Most patients had beam radiation (64%) and chemotherapy (58%), and 45% of patients were treated with both. This is similar to findings by Mattavelli et al., in which 69% of patients received postoperative radiation therapy and 55% received chemotherapy.3 Furthermore, the number of patients receiving radiation has increased from about half of patients diagnosed between 1973 to 2008 to 64% in those diagnosed from 2009 to 2014 based on the SEER database.7 Participation in chemo‐ and radiation therapy was highest for patients with grade III tumors in our study and declined for those with grade IV tumors, likely reflecting the limited treatment options for advanced disease.

Importantly, we did not find any survival benefit to radiation therapy, which is consistent with prior reports from Wu et al. and Spiro et al.7, 17 The lack of benefit associated with radiation therapy may be that patients receiving radiation have worse initial prognoses or that the SEER database lacks disease‐specific survival or information on locoregional control. Similarly, there was no overall survival benefit to chemotherapy. Again, this could be explained by selection bias; patients with more advanced disease may be more likely to receive chemotherapy.
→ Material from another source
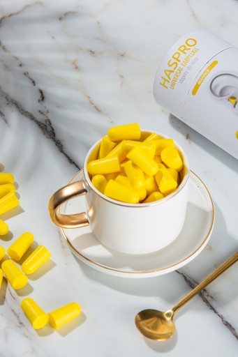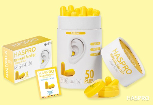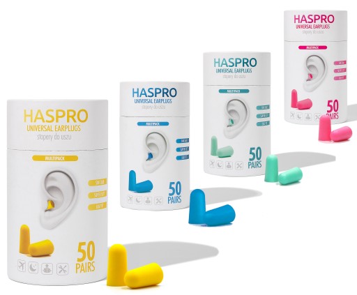 Haspro Tube50 – це сучасна збірна упаковка у вигляді туби, що містить 50 пар одноразових берушів із зручного та надзвичайно ніжного пінополіуретану, які легко вставляються в кожне вухо менш ніж за хвилину.

There are several limitations to this study of a rare sinonasal malignancy as well as of a population‐based study. The SEER database represents retrospective data collection with voluntary and at times inconsistent reporting. There is a lack of data regarding stage, grade, and disease‐specific survival, and because of these limitations, it is difficult to draw conclusions about prognostic factors regarding these variables. Furthermore, sequence and site‐specific details of surgical, chemotherapy, and radiation treatment are not detailed in the SEER database and would be valuable additions to this study. Lastly, while the SEER database covers 28% of the population, it includes a higher percentage of foreign born individuals (17.9%) compared to the general US population (12.8%),8 a fact that should be taken into consideration when extrapolating this data.

CONCLUSION

Sarcomas of the paranasal sinuses are not only rare but have an extremely poor prognosis. This study adds to the current literature on these tumors and is the first to report in detail the surgical interventions performed as well as characteristics about lymph node spread, tumor histology, and treatment outcomes since the advent of radiation and chemotherapy. As these tumors are so rare, continued study of the demographics, tumor characteristics, and long‐term outcomes of this population will be crucial to guide treatment modalities and strategies for otolaryngologists.